Automatic index creation is controlled by the action.auto_create_index setting. If it is true, any index can be created automatically. You can modify this setting to explicitly allow or block automatic creation of indices that match specified patterns or set it to false to turn off automatic index creation entirely. Specify a comma-separated list of patterns you want to allow or prefix each pattern with + or - to indicate whether it should be allowed or blocked. When a list is specified, the default behaviour is to disallow.

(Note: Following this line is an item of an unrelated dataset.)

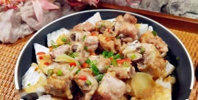 2、排骨处理:买回来的排骨剁成小块,用水清洗干净,沥干水。准备一个大碗,把排骨放入碗中。加入半勺白糖(提鲜),半勺花生油(让排骨肉质滑嫩),加几片姜(去腥)搅拌均匀后放冰箱冷藏3-4小时。出冰箱后,下锅蒸之前15分钟。放入1小勺胡椒粉,蒜末,米酒搅拌,加1勺生抽调味。最后撒上淀粉水,搅拌均匀。撒淀粉水目的是锁住排骨里面的味道和水分。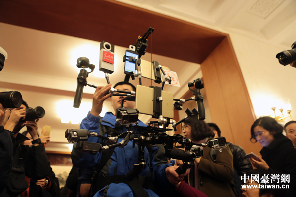 3月2日下午,全国政协十二届五次会议新闻发布会在人民大会堂一层新闻发布厅举行。图为现场记者使用的钢铁侠多信道直播云台设备。(中国台湾网 李宁 摄)

NOTE: The action.auto_create_index setting affects the automatic creation of indices only. It does not affect the creation of data streams.

Routing

By default, shard placement — or routing — is controlled by using a hash of the document's ID value. For more explicit control, the value fed into the hash function used by the router can be directly specified on a per-operation basis using the routing parameter.

When setting up explicit mapping, you can also use the _routing field to direct the index operation to extract the routing value from the document itself. This does come at the (very minimal) cost of an additional document parsing pass. If the _routing mapping is defined and set to be required, the index operation will fail if no routing value is provided or extracted.

NOTE: Data streams do not support custom routing unless they were created with the allow_custom_routing setting enabled in the template.

Distributed

The index operation is directed to the primary shard based on its route and performed on the actual node containing this shard. After the primary shard completes the operation, if needed, the update is distributed to applicable replicas.

Active shards

To improve the resiliency of writes to the system, indexing operations can be configured to wait for a certain number of active shard copies before proceeding with the operation. If the requisite number of active shard copies are not available, then the write operation must wait and retry, until either the requisite shard copies have started or a timeout occurs. By default, write operations only wait for the primary shards to be active before proceeding (that is to say wait_for_active_shards is 1). This default can be overridden in the index settings dynamically by setting index.write.wait_for_active_shards. To alter this behavior per operation, use the wait_for_active_shards request parameter.

Valid values are all or any positive integer up to the total number of configured copies per shard in the index (which is number_of_replicas+1). Specifying a negative value or a number greater than the number of shard copies will throw an error.

For example, suppose you have a cluster of three nodes, A, B, and C and you create an index index with the number of replicas set to 3 (resulting in 4 shard copies, one more copy than there are nodes). If you attempt an indexing operation, by default the operation will only ensure the primary copy of each shard is available before proceeding. This means that even if B and C went down and A hosted the primary shard copies, the indexing operation would still proceed with only one copy of the data. If wait_for_active_shards is set on the request to 3 (and all three nodes are up), the indexing operation will require 3 active shard copies before proceeding. This requirement should be met because there are 3 active nodes in the cluster, each one holding a copy of the shard. However, if you set wait_for_active_shards to all (or to 4, which is the same in this situation), the indexing operation will not proceed as you do not have all 4 copies of each shard active in the index. The operation will timeout unless a new node is brought up in the cluster to host the fourth copy of the shard.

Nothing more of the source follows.